> **Problem**
Could you give the data below again exactly, apart from the pictures?

==== Available data ====

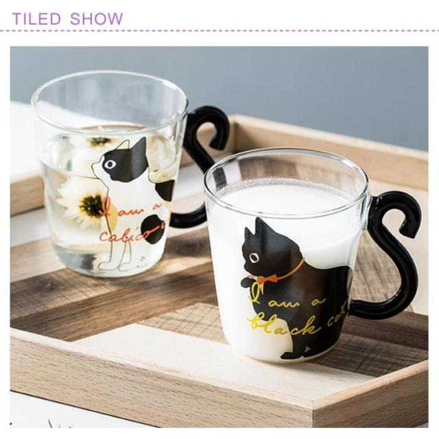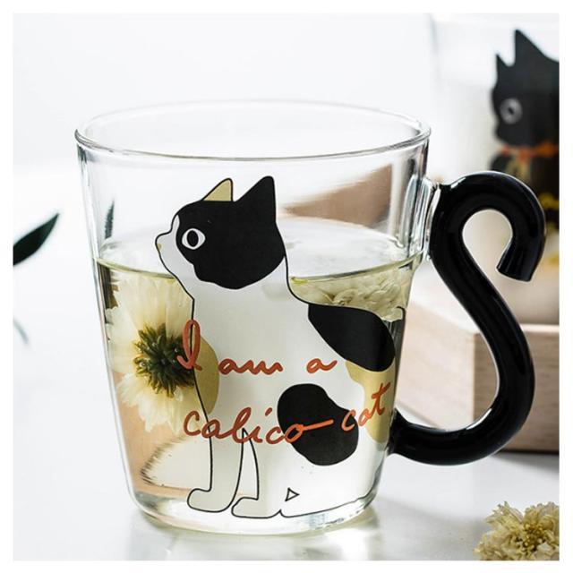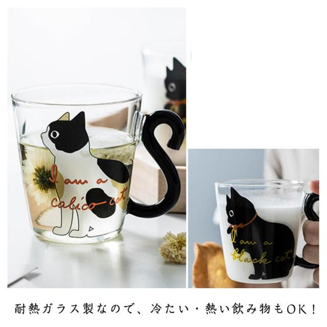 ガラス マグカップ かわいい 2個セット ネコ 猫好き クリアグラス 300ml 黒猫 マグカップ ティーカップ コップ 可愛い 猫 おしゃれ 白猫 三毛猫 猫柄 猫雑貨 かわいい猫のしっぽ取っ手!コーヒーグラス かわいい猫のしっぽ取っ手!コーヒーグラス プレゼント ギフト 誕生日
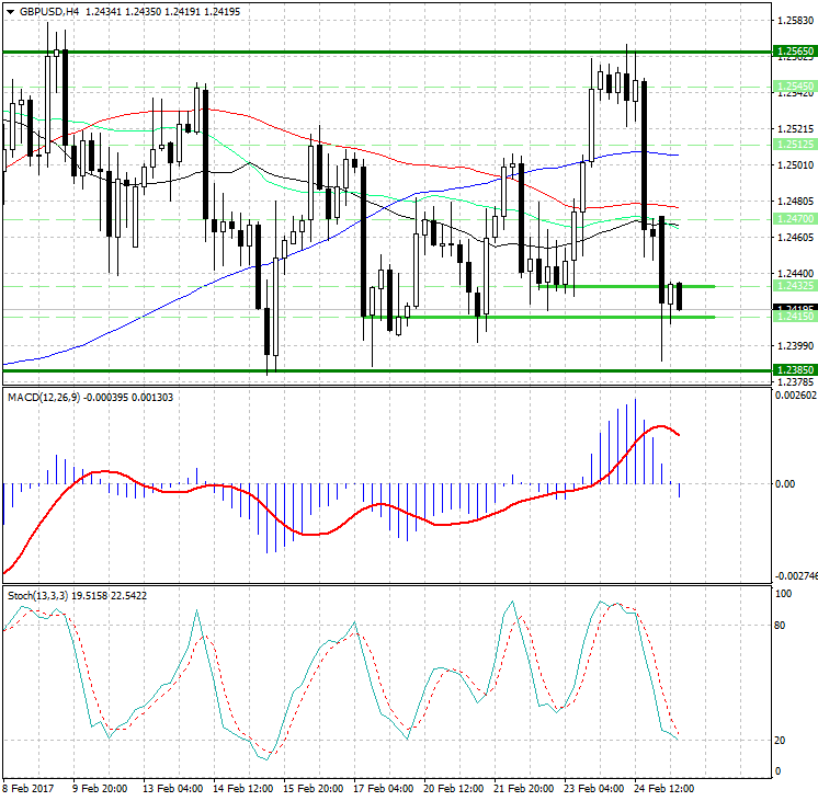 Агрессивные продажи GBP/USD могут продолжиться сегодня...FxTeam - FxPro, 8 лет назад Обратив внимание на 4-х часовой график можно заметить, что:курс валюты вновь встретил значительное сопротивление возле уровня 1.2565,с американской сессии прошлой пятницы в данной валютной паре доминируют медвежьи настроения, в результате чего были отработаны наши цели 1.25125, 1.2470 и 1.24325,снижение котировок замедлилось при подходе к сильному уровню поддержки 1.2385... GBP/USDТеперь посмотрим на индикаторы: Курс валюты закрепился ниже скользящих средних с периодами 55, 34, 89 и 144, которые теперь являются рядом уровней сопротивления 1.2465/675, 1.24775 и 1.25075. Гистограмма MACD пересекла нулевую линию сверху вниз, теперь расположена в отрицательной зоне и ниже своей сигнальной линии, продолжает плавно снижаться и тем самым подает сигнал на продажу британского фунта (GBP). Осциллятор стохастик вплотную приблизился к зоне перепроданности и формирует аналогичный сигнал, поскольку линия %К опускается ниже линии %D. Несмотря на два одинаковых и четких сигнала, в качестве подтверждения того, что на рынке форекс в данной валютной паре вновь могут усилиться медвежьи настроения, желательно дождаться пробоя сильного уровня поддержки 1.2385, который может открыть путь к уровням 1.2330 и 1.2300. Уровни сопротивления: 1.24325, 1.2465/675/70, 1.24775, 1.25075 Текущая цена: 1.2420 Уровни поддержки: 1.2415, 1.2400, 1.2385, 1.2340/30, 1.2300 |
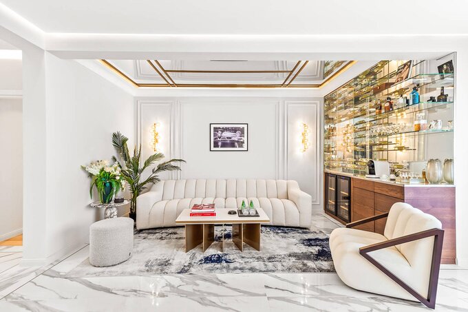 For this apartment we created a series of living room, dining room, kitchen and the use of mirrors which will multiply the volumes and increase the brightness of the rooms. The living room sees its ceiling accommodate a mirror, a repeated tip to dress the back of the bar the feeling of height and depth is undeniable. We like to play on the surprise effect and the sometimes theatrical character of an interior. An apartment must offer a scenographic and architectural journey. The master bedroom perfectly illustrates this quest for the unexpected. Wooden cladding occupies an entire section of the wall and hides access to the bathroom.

====

> **Task solution**
 ガラス マグカップ かわいい 2個セット ネコ 猫好き クリアグラス 300ml 黒猫 マグカップ ティーカップ コップ 可愛い 猫 おしゃれ 白猫 三毛猫 猫柄 猫雑貨 かわいい猫のしっぽ取っ手!コーヒーグラス かわいい猫のしっぽ取っ手!コーヒーグラス プレゼント ギフト 誕生日
 Агрессивные продажи GBP/USD могут продолжиться сегодня...FxTeam - FxPro, 8 лет назад Обратив внимание на 4-х часовой график можно заметить, что:курс валюты вновь встретил значительное сопротивление возле уровня 1.2565,с американской сессии прошлой пятницы в данной валютной паре доминируют медвежьи настроения, в результате чего были отработаны наши цели 1.25125, 1.2470 и 1.24325,снижение котировок замедлилось при подходе к сильному уровню поддержки 1.2385... GBP/USDТеперь посмотрим на индикаторы: Курс валюты закрепился ниже скользящих средних с периодами 55, 34, 89 и 144, которые теперь являются рядом уровней сопротивления 1.2465/675, 1.24775 и 1.25075. Гистограмма MACD пересекла нулевую линию сверху вниз, теперь расположена в отрицательной зоне и ниже своей сигнальной линии, продолжает плавно снижаться и тем самым подает сигнал на продажу британского фунта (GBP). Осциллятор стохастик вплотную приблизился к зоне перепроданности и формирует аналогичный сигнал, поскольку линия %К опускается ниже линии %D. Несмотря на два одинаковых и четких сигнала, в качестве подтверждения того, что на рынке форекс в данной валютной паре вновь могут усилиться медвежьи настроения, желательно дождаться пробоя сильного уровня поддержки 1.2385, который может открыть путь к уровням 1.2330 и 1.2300. Уровни сопротивления: 1.24325, 1.2465/675/70, 1.24775, 1.25075 Текущая цена: 1.2420 Уровни поддержки: 1.2415, 1.2400, 1.2385, 1.2340/30, 1.2300 |
 For this apartment we created a series of living room, dining room, kitchen and the use of mirrors which will multiply the volumes and increase the brightness of the rooms. The living room sees its ceiling accommodate a mirror, a repeated tip to dress the back of the bar the feeling of height and depth is undeniable. We like to play on the surprise effect and the sometimes theatrical character of an interior. An apartment must offer a scenographic and architectural journey. The master bedroom perfectly illustrates this quest for the unexpected. Wooden cladding occupies an entire section of the wall and hides access to the bathroom.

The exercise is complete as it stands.